Chapter 3: Reversible Computing

In the first two chapters, we built a picture of computation as the manipulation of bits through logic gates. We saw how gates like AND, OR, and NOT can be combined to compute anything, and we learned the linear algebra that describes information mathematically. But we glossed over something fundamental: most of those classical gates destroy information. An AND gate takes two input bits and produces one output bit. Given the output 0, you cannot tell whether the inputs were 00, 01, or 10. The input information is gone, irreversibly.

This chapter is about what happens when we demand that no information is ever lost - when every computation must be reversible. The story begins with a surprising connection between computation and thermodynamics, leads us through a family of reversible logic gates, and ends at the doorstep of quantum computing. Reversibility is not just a nice theoretical property. It is a requirement imposed by the laws of physics at the quantum scale, and understanding why is the key to understanding why quantum computers work the way they do.

3.1 Why Irreversibility Costs Energy

In 1961, the physicist Rolf Landauer asked a deceptively simple question: does computation have a fundamental energy cost? The answer he found connects information theory directly to thermodynamics, and it hinges on a single word: erasure.

The Thermodynamics of Forgetting

Consider a single bit stored in some physical system - a tiny magnet that points up (representing 1) or down (representing 0). The bit is in one of two definite states. Now suppose we "erase" the bit by resetting it to 0, regardless of what it was before. If the bit was already 0, nothing changes. But if it was 1, we have compressed two possible states (the bit could have been either value) into one (it is now definitely 0). We have destroyed one bit of information.

Landauer's insight was that this information destruction has a physical consequence. The second law of thermodynamics says the total entropy of a closed system cannot decrease. Information is a form of entropy (this is Shannon's great insight from Chapter 2). When we erase a bit, we decrease the entropy of our computational system by $k_B \ln 2$, where $k_B$ is Boltzmann's constant. To satisfy the second law, this entropy must go somewhere - it gets dumped into the environment as heat.

Key Idea. Landauer's Principle: Erasing one bit of information necessarily dissipates at least $k_B T \ln 2$ joules of energy as heat, where $T$ is the temperature of the environment and $k_B \approx 1.38 \times 10^{-23}$ J/K is Boltzmann's constant.

At room temperature ($T \approx 300$ K), this works out to roughly $2.85 \times 10^{-21}$ joules per erased bit. That is extraordinarily small - about 100 times less energy than a single photon of visible light carries. Modern transistors dissipate roughly a million times more energy per operation than the Landauer limit. So in practice, Landauer's principle is not what limits the energy efficiency of your laptop. But the principle is profound for what it tells us about the physics of information: information is physical, and destroying it has an unavoidable thermodynamic cost.

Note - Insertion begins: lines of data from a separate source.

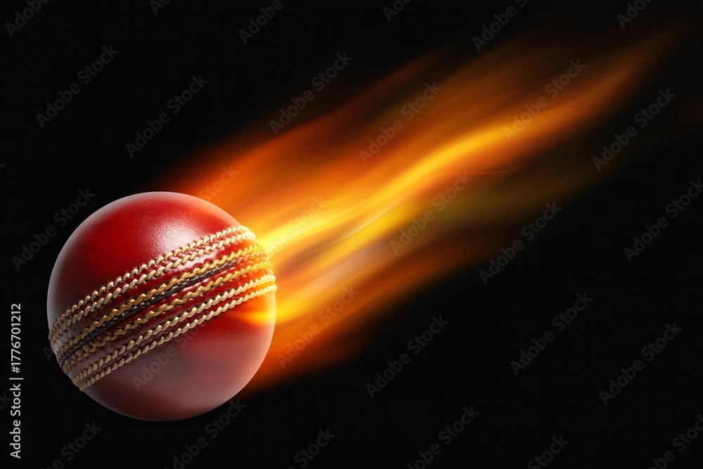 Sport - Fiery cricket ball hurtling through the air sports equipment action shot #1776701212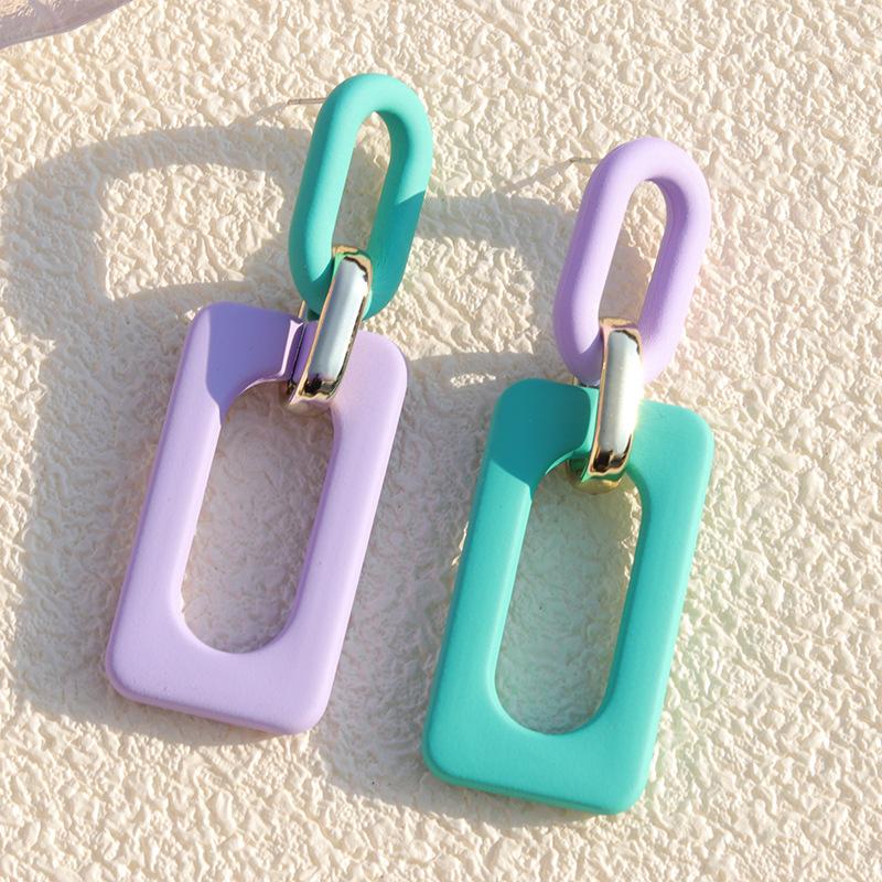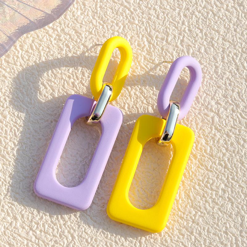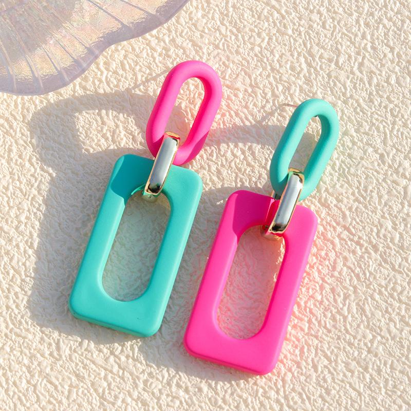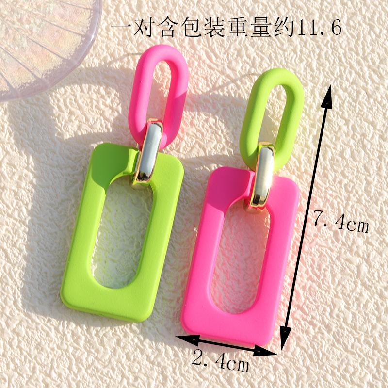 Nuevos Pendientes Rectangulares Acrílicos Europeos y Americanos Color Hueco Contraste Estilo Vintage Vacacional Nicho Gota para la Oreja Joyería para la Oreja para Mujer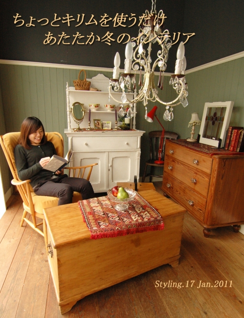 上にはキリムを敷いて、ステンドや本を置いてみました。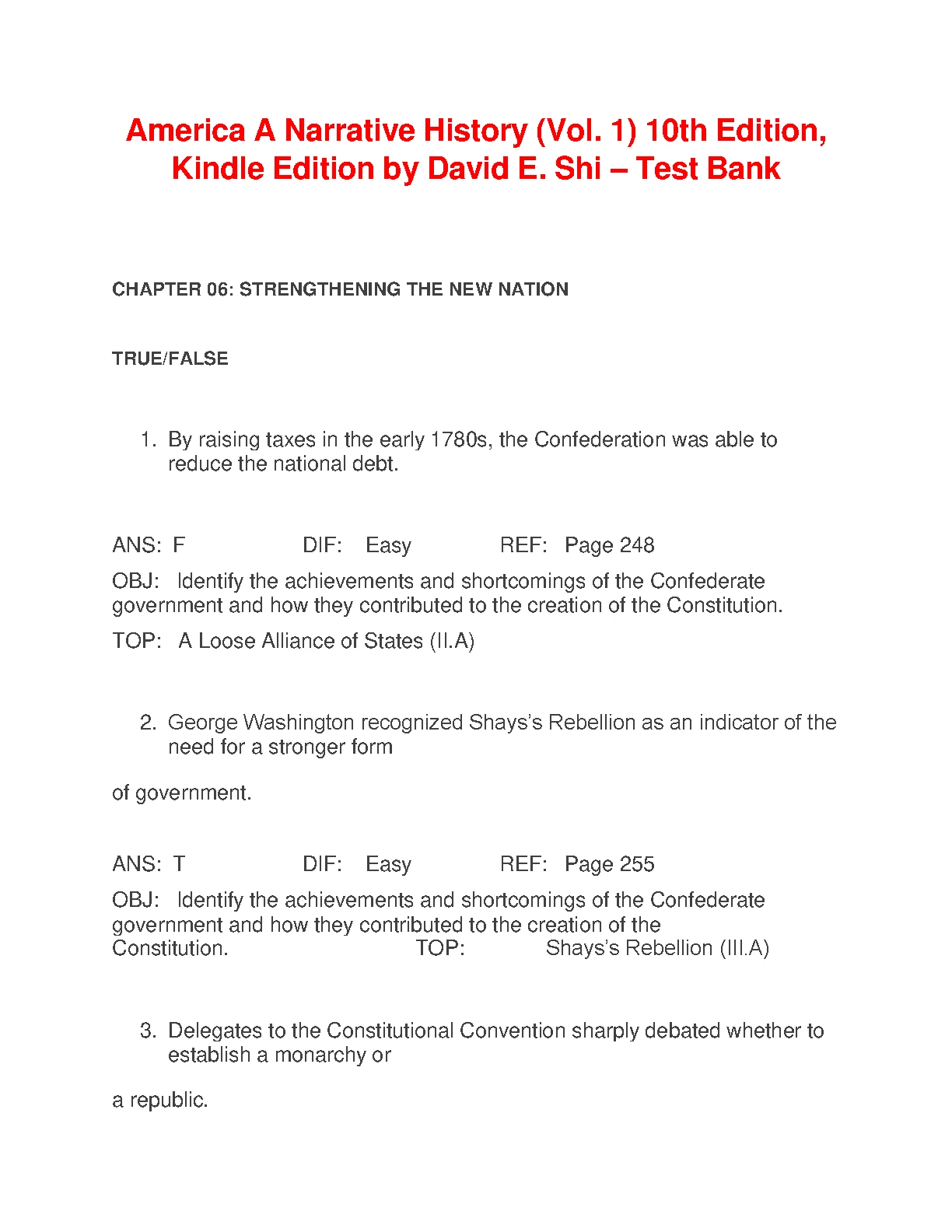 America A Narrative History (Vol. 1) 10th Edition, Kindle Edition by David E. Shi – Test Bank. DOWNLOAD on www.hackedexams.com INSTANTLY.

Which Operations Erase Information?

An operation erases information whenever it maps multiple distinct inputs to the same output. In mathematical language, it is a non-injective (many-to-one) function. Consider the standard logic gates:

  • NOT gate (1 input, 1 output): Input 0 maps to 1, and input 1 maps to 0. This is one-to-one. Given the output, you can always recover the input. The NOT gate is reversible and erases nothing.
  • AND gate (2 inputs, 1 output): Three different inputs (00, 01, 10) all produce output 0. Two bits of input become one bit of output. This is irreversible - one bit of information is destroyed, and Landauer's principle demands at least $k_B T \ln 2$ of heat dissipation.
  • OR gate, NAND gate, NOR gate: Similarly irreversible. Multiple inputs map to the same output.

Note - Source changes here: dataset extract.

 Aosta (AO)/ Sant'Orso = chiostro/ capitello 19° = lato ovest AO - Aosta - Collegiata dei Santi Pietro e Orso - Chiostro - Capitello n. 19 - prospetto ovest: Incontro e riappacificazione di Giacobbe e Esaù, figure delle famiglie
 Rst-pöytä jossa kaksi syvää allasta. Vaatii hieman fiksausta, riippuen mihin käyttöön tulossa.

The pattern is clear: any gate that has fewer output bits than input bits must be irreversible, because you cannot reconstruct the input from the output. And by Landauer's principle, every such gate has a minimum thermodynamic cost. But here is the key question: can we do all of computation using only reversible operations?

Historical note. Landauer's principle was long considered a theoretical curiosity, but in 2012 a team at ENS Lyon led by Eric Lutz experimentally verified it by measuring the heat dissipated when erasing a single bit stored in the position of a colloidal particle. The measured heat matched the $k_B T \ln 2$ prediction with remarkable precision.

3.2 Reversible Classical Gates

A gate is reversible if and only if it computes a one-to-one (bijective) function: every distinct input maps to a distinct output. Equivalently, given the output, you can always uniquely determine the input. This means a reversible gate must have the same number of input bits and output bits - it is a permutation of the possible bit strings.

NOT: The Simplest Reversible Gate

The NOT gate flips a single bit: $0 \to 1$ and $1 \to 0$. It is trivially reversible because applying NOT again recovers the original input. In fact, NOT is its own inverse. In the quantum world, this gate becomes the Pauli-X gate, one of the most fundamental quantum operations.

CNOT: The Controlled-NOT Gate

The NOT gate alone cannot compute interesting functions - it only acts on one bit. We need multi-bit reversible gates. The simplest is the CNOT (controlled-NOT) gate, which acts on two bits: a control bit and a target bit.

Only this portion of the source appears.